Catherine is Director of UCD Centre for the History of Medicine in Ireland, Vice-Principal for Research and Innovation at UCD College of Arts and Humanities, and President of the Economic and Social History Society of Ireland.
An award-winning researcher in her own right, her pioneering work on the history of prisons and mental health in Ireland and UK led to the co-authored bookDisorder Contained, with Prof Hilary Marland, University of Warwick, and the highly acclaimed play 'The Examination,'co-produced with Dublin theatre group, Brokentalkers. The play won ‘Best Production’ at the 23rd Irish Times Theatre Awards and the Dublin Fringe Festival Awards, and performer Willie White, who suffered psychiatric illness in prison, also won ‘Best Actor’ at the Dublin Fringe. In addition, Catherine worked with artist Dr Sinead McCann on an art installation, The Trial, and with Dr Oisín Wall on a historical exhibition, both at Kilmainham Gaol Museum.
For the academic, cultural, health and policy impact of this research and innovative dissemination to the public, which toured in Ireland and the UK, Catherine won the 2020 UCD Research Impact Competition.

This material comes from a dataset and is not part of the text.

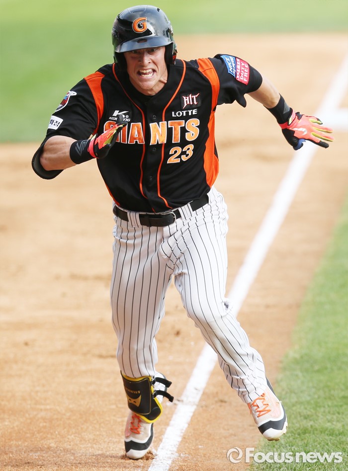 (서울=포커스뉴스) 12일 서울 잠실구장에서 열린 2016 프로야구 롯데-두산 경기 3회초 롯데 선두타자 아두치가 중견수를 넘기는 3루타와 송구 실책을 틈타 홈으로 달리고 있다.

Historical perspectives on women in prison from her Wellcome Trust research were captured in the piece 'Disturbed minds and disruptive bodies,' examining how prison officers tried to regulate women’s minds and bodies in the second half of the 1800s, and how some women resisted.
Catherine's work on the intersection of mental health and ethnicity and migration was captured in another play, 'A Malady of Migration,' a theatrical examination of diaspora, displacement and mental disorders in the 19th Century - arising from a collaboration between researchers and theatre company Talking Birds.